Data records below:
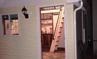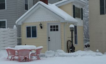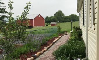 Our recently renovated 150 sq. foot Tiny House has a brick patio & private entrance in a separate building. Built in 1891, the Summer Kitchen features the original exposed beams and chimney. The loft bedroom has a 5' window overlooking the gardens with a view of Leaser Lake in the distance.
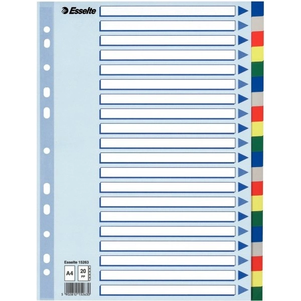 PRZEKŁADKI PLASTIKOWE KOLOROWE ESSELTE A4 - 20 kart
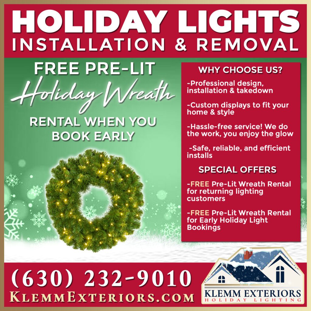 Don’t wait until the last minute! Installation spots fill quickly! Contact Klemm Exteriors today for your free holiday lighting estimate.
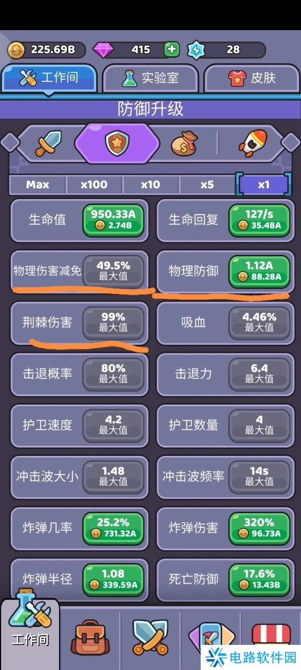 这第三个槽主要研究攻击、攻速打中后期基础,副用来研究一些功能如难3的小机器人解锁后需要的自动能力点击器,护卫流的死亡射线可对boss造成伤害、护卫可对boss造成伤害。
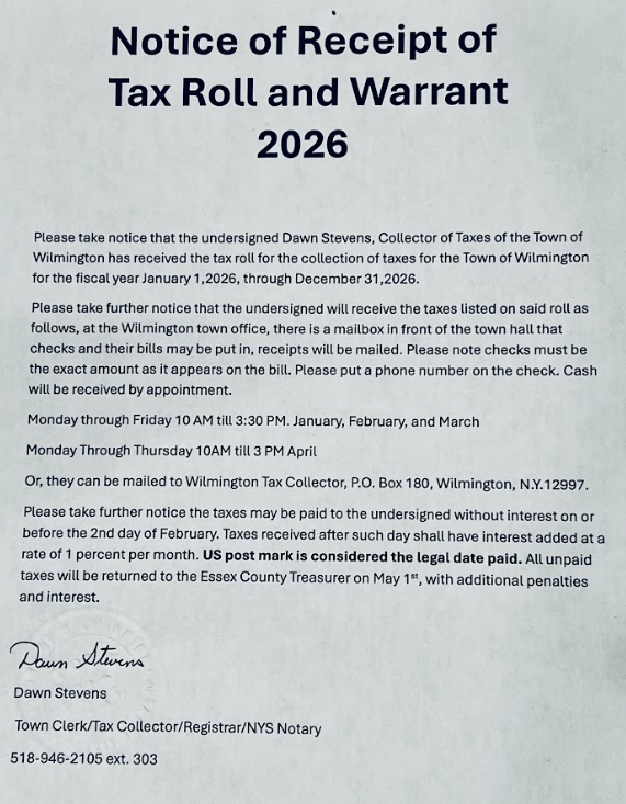 Notice of Receipt of Tax Roll and Warrant for the Town of Wilmington 2026
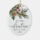 Ornamento de vacaciones de personalizable. Edita la redacción para celebrar tu primera Navidad juntos. Verdes de vacaciones con ilustracion acuático de bayas rojas.
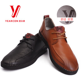 意尔康男鞋青年牛皮革软底系带9101AR51584...
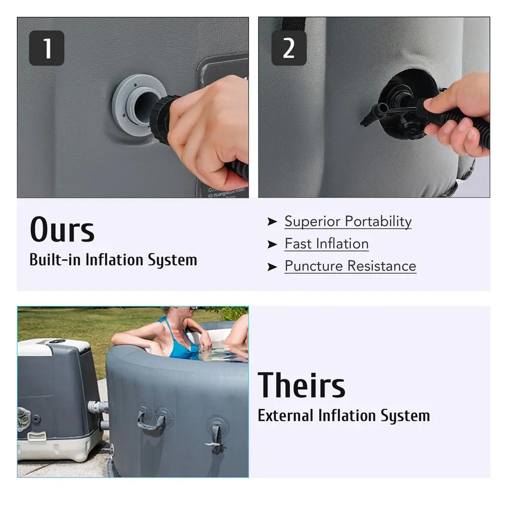 Co-Z Square Inflatable Hot Tub, 4 Person Blow Up Portable Hot Tub - Grey & White
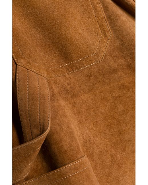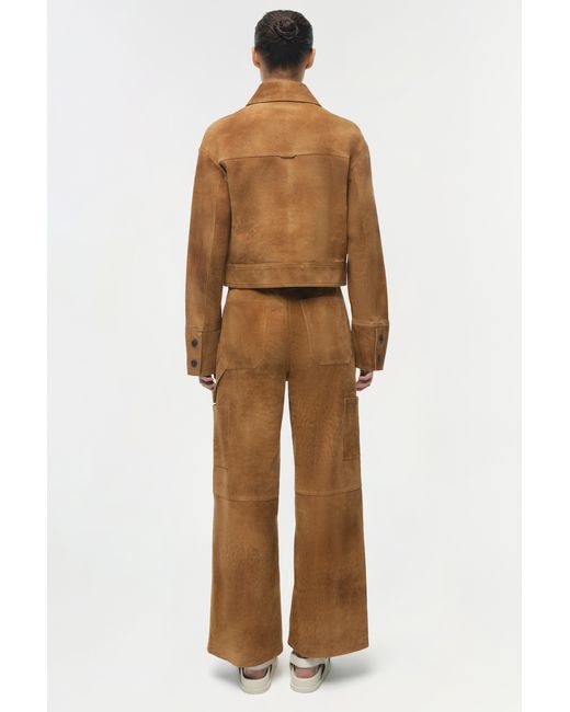 SPRING 2026 WOMEN'S COLLECTION The Bates Suede Straight Leg Pant in Cognac. These suede pants feature a flattering wide-leg, cropped length, and utilitarian seam detailing creating a relaxed silhouette. SIMKHAI Women's Bates Suede Straight Leg Pant in Cognac, Size 0
End of Data records.
# Your task
Exactly the lines running from the one with "Co-Z Square Inflatable" through the end of the listing above must be output, both ends included. No pictures belong in the output.

# Completed task
 Co-Z Square Inflatable Hot Tub, 4 Person Blow Up Portable Hot Tub - Grey & White
 SPRING 2026 WOMEN'S COLLECTION The Bates Suede Straight Leg Pant in Cognac. These suede pants feature a flattering wide-leg, cropped length, and utilitarian seam detailing creating a relaxed silhouette. SIMKHAI Women's Bates Suede Straight Leg Pant in Cognac, Size 0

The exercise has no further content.